MAGNETIC RESONANCE IMAGING (MRI) AND MAGNETIC RESONANCE SPECTROSCOPY (MRS) OF INTRACRANIAL LIPOMAS

R. Fründ, A. Geissler, M. Gliese, J. Seitz, S. Feuerbach

Rüdiger Fründ Institut für Röntgendiagnostik Klinikum der Universität Regensburg, D-93042 Regensburg Germany

Received 6/3/97 Accepted 9/16/97

TABLE OF CONTENTS

1. Abstract

2. Introduction

3. Materials and Methods

3.1. Patients

3.2. Methods

3.3. Imaging

3.4. MR Spectroscopy

3.4.1. In vivo measurements

3.4.2. Ex vivo measurement

4. Results and Discussion

4.1. Imaging

4.2. Spectroscopy

5. References

1. ABSTRACT

We show a detailed magnetic resonance (MR) examination of two rare pericallosa lipomas with a fat suppression imaging sequence and proton MR spectroscopy. For comparison, subcutaneous fat and lipids in glioblastomas were examined with ¹H MR spectroscopy in vivo and ex vivo. Fat suppression makes the identification of lipomas simple. It is suggested that ¹H MR spectroscopy shows no differences in the aliphatic chain length of lipoma and subcutanous fat, whereas lipids in glioblastomas have a much shorter chain length. Chain length of fatty acids in lipoma measured with in vivo MR spectroscopy are in concordance with data from the literature.

2. INTRODUCTION

The intracranial lipoma is a rare benign neoplasm. In an autopsy study, lipomas accounted for only 0.08 % of all brain tumors (1). Another study yielded a value of 0.1 % (2). With the introduction of computed tomography (CT), the incidence of this often symptom-free tumor increased. In a study of Kazner et al. (3) including 17,500 cranial CT scans, the incidence for intracranial lipomas was 0.06 % for all CT scans and 0.34% of all intracranial tumors. The widespread use of the magnetic resonance imaging (MRI) will probably further increase the incidence.

Intracranial lipomas are midline tumors. Even though the etiology of lipomas is still unknown (4), they are congenital malformations, sometimes even called lipomatous hamartomas (5). They possibly originate from meninx primitiva (6). Pericallosa lipomas are often associated with other developmental malformations such as partial or complete agenesis of corpus callosum (7).

Fatty tissue can be easily identified with MRI if sequences with fat suppression are used. Magnetic resonance spectroscopy (MRS) allows even more specific identification of fatty tissue especially lipids.

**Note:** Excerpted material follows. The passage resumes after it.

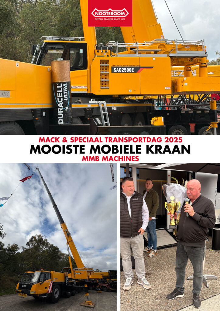 Tijdens de 44e editie van de Mack & Speciaal Transportdag, op zondag 12 oktober in Soest, zijn voor de derde keer de Johan van de Water Trofeeën uitgereikt. Op de stand van Nooteboom werden de prijzen overhandigd in drie categorieën: Mooiste lading, Mooiste mobiele kraan en Mooiste transportcombinatie. De vakjury koos de winnaars uit alle deelnemers aan dit populaire evenement.

MRS offers insights on the structure of lipids present in lipomas, malignant tumors and normal fat and allows detection of structural differences.

3. MATERIALS AND METHODS

3.1. Patients:

Patient A was an 18 year old woman with headache. No biopsy was performed. Patient B was a 50 year old man. The only clinical symptom was a non stable heel to toe gait. Surgical biopsy was performed. Both patients had no abnormal cerebral liquor circulation. Four patients (1 female, 3 males, ages 58 to 73 years) with histologically verified glioblastomas grade IV (WHO) and high levels of fat signals, detected by MRS, were evaluated for the glioblastoma group. Subcutaneous fat was measured in the neck of a healthy, 35 year old man. Intraoperatively collected biopsy specimens were immediately frozen in liquid nitrogen. Normal subcutaneous fat sample was collected from the back of a person with no known disturbance in the metabolism during intervertebral disc surgery.

3.2. Methods:

For all in vivo examinations, a 1.5 T Magnetom SP 63 (Siemens, Erlangen, Germany) with a CP-headcoil was used.

3.3. Imaging:

T1 weighted MR-images were aquired with spinecho technique (TR = 570 ms, TE = 15 ms) in axial or sagital orientation. Slice thickness was 6 mm with a 20 % gap. 19 slices were aquired. Fat suppression was performed by a spectral saturation pre-pulse.

3.4. MR Spectroscopy:

3.4.1. In vivo measurements:

A stimulated echo sequence (STEAM) with 20 ms echotime, 30 ms mixing time and 1.5 s repetition time was used. Voxel size was 15x15x15 mm. 256 aquisitions with 1k points were accumulated. FIDs were eddy-current compensated with a commercialy available software using a reference scan without water suppression (8). Data were transferred to an external PC, zerofilled to 16 k points, fourier transformed, phase and baseline corrected. The resonances were Gauss fitted and integrated. T1 and T2 relaxation times were not considered.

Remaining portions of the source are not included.